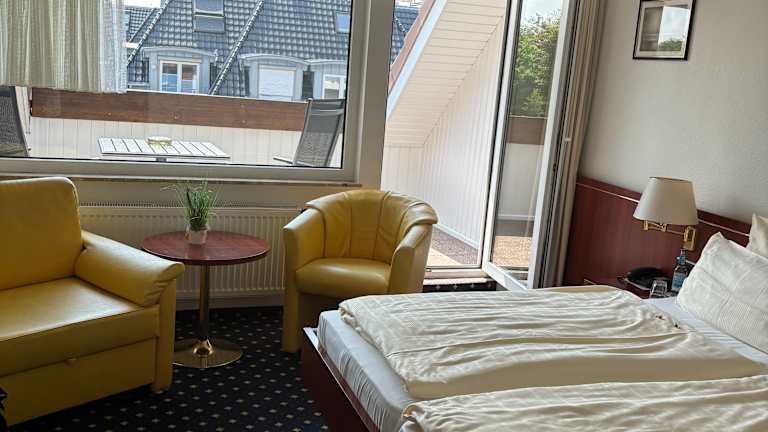 Die Zimmer im Hotel Meeresruh Garni sind modern und komfortabel eingerichtet. Sie verfügen über Annehmlichkeiten wie einen Schreibtisch, einen Flachbild-TV und ein eigenes Bad. Bettwäsche und Handtücher werden gestellt und in einigen Zimmern gibt es sogar einen Balkon. Jedes Zimmer ist mit einem Safe, einem Kleiderschrank und einem Wasserkocher ausgestattet, um den Gästen einen angenehmen Aufenthalt zu bieten.
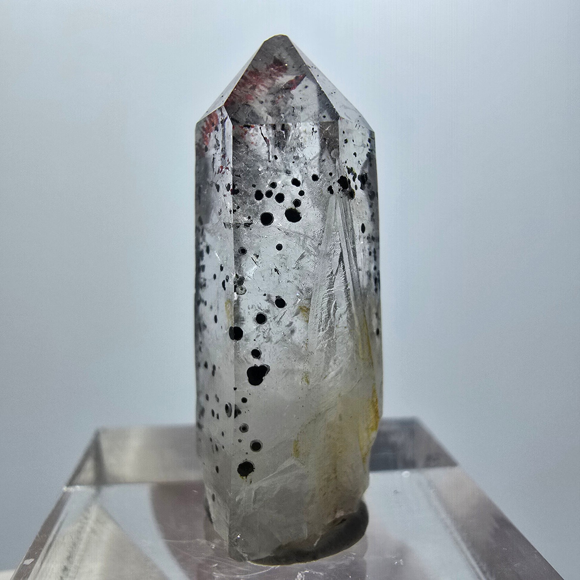 Erstaunliche Phantome im Inneren, rote nadelförmige Hämatit-Einschlüsse sowie schwarze punktförmige Hämatit-Kristalle an der Oberfläche machen ihn zu einem einzigartigen Sammlerstück.
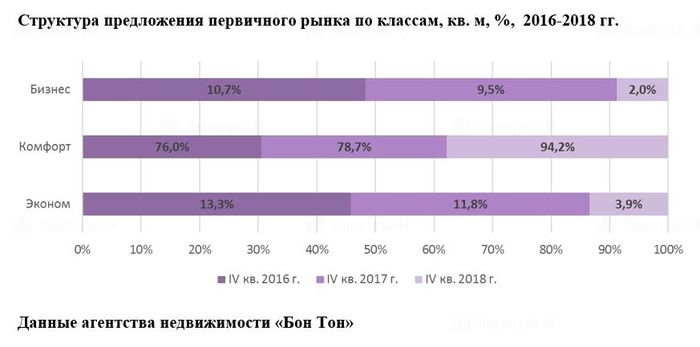 Согласно статистике агентства недвижимости «Бон Тон», активный выход в реализацию проектов комфорт-класса повлиял на классовую структуру предложения. По сравнению с 4 кварталом 2017 года на рынке Новой Москвы произошли существенные изменения. Доля комфорт-класса увеличилась на 15,5%, составив 94,2%, в то время как другие сегменты продемонстрировали сокращение. Доля бизнес-класса снизилась на 7,5% (до 2%) в связи с отсутствием нового предложения, экономкласса — на 7,9% (до 3,9%).

What the task asks:
Retype the data above exactly. Leave the pictures out.

Task output:
 Die Zimmer im Hotel Meeresruh Garni sind modern und komfortabel eingerichtet. Sie verfügen über Annehmlichkeiten wie einen Schreibtisch, einen Flachbild-TV und ein eigenes Bad. Bettwäsche und Handtücher werden gestellt und in einigen Zimmern gibt es sogar einen Balkon. Jedes Zimmer ist mit einem Safe, einem Kleiderschrank und einem Wasserkocher ausgestattet, um den Gästen einen angenehmen Aufenthalt zu bieten.
 Erstaunliche Phantome im Inneren, rote nadelförmige Hämatit-Einschlüsse sowie schwarze punktförmige Hämatit-Kristalle an der Oberfläche machen ihn zu einem einzigartigen Sammlerstück.
 Согласно статистике агентства недвижимости «Бон Тон», активный выход в реализацию проектов комфорт-класса повлиял на классовую структуру предложения. По сравнению с 4 кварталом 2017 года на рынке Новой Москвы произошли существенные изменения. Доля комфорт-класса увеличилась на 15,5%, составив 94,2%, в то время как другие сегменты продемонстрировали сокращение. Доля бизнес-класса снизилась на 7,5% (до 2%) в связи с отсутствием нового предложения, экономкласса — на 7,9% (до 3,9%).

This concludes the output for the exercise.